Valence-bond crystal in the extended kagome spin-1/2 quantum Heisenberg antiferromagnet: A variational Monte Carlo approach

TL;DR

This study uses advanced variational Monte Carlo methods to explore the phase competition in a frustrated spin-1/2 Heisenberg model on the kagome lattice, revealing that small ferromagnetic next-nearest interactions stabilize a valence-bond crystal over the Dirac spin liquid.

Contribution

It introduces an extended variational wave function approach to identify the stabilization of a valence-bond crystal in the kagome Heisenberg model with next-nearest interactions.

Findings

Small ferromagnetic J2 stabilizes a 36-site VBC.

Dirac spin liquid remains a local minimum.

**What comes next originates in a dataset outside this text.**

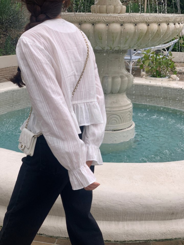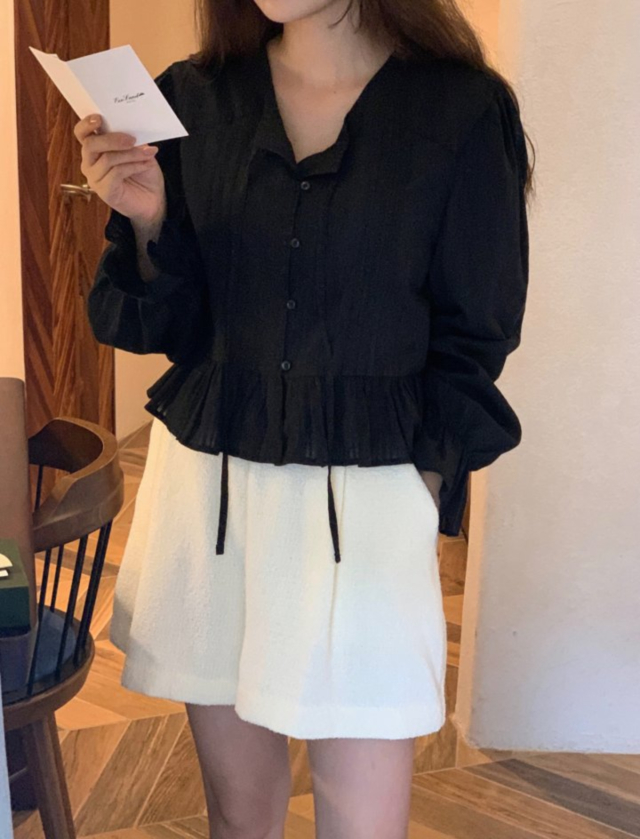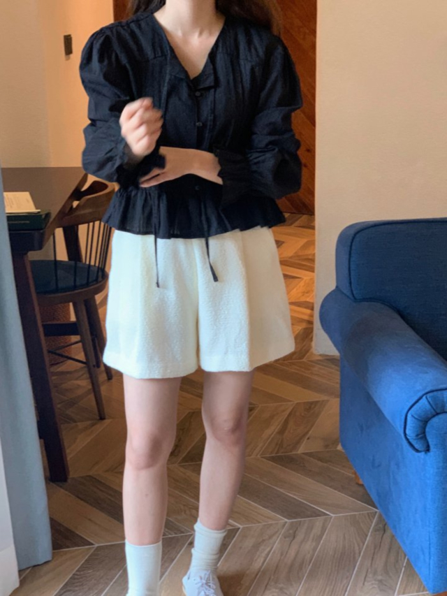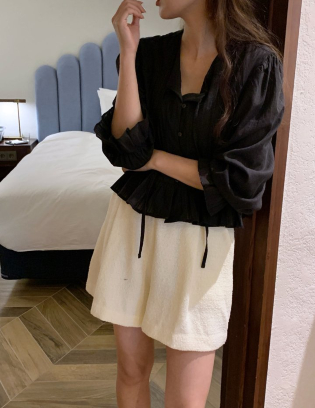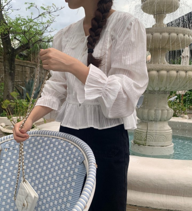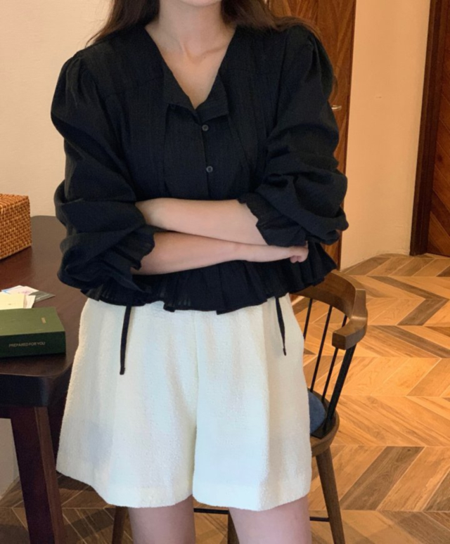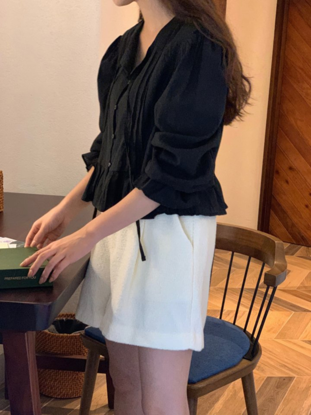 Mulverineオーバーサイズリボンフリルクロップドブラウス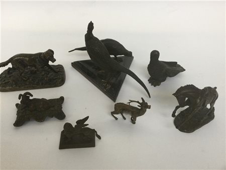 Lotto composto da sette sculture in bronzo raffiguranti animali, misure diverse

VBC has a non-trivial flux pattern and large dimerization.

Abstract

The highly-frustrated spin-1/2 quantum Heisenberg model with both nearest ($J_1$) and next-nearest ($J_2$) neighbor exchange interactions is revisited by using an extended variational space of projected wave functions that are optimized with state-of-the-art methods. Competition between modulated valence-bond crystals (VBCs) proposed in the literature and the Dirac spin liquid (DSL) is investigated. We find that the addition of a {\it small} ferromagnetic next-nearest-neighbor exchange coupling $|J_2|>0.09 J_1$ leads to stabilization of a 36-site unit cell VBC, although the DSL remains a local minimum of the variational parameter landscape. This implies that the VBC is not trivially connected to the DSL: instead it possesses a non-trivial flux pattern and large dimerization.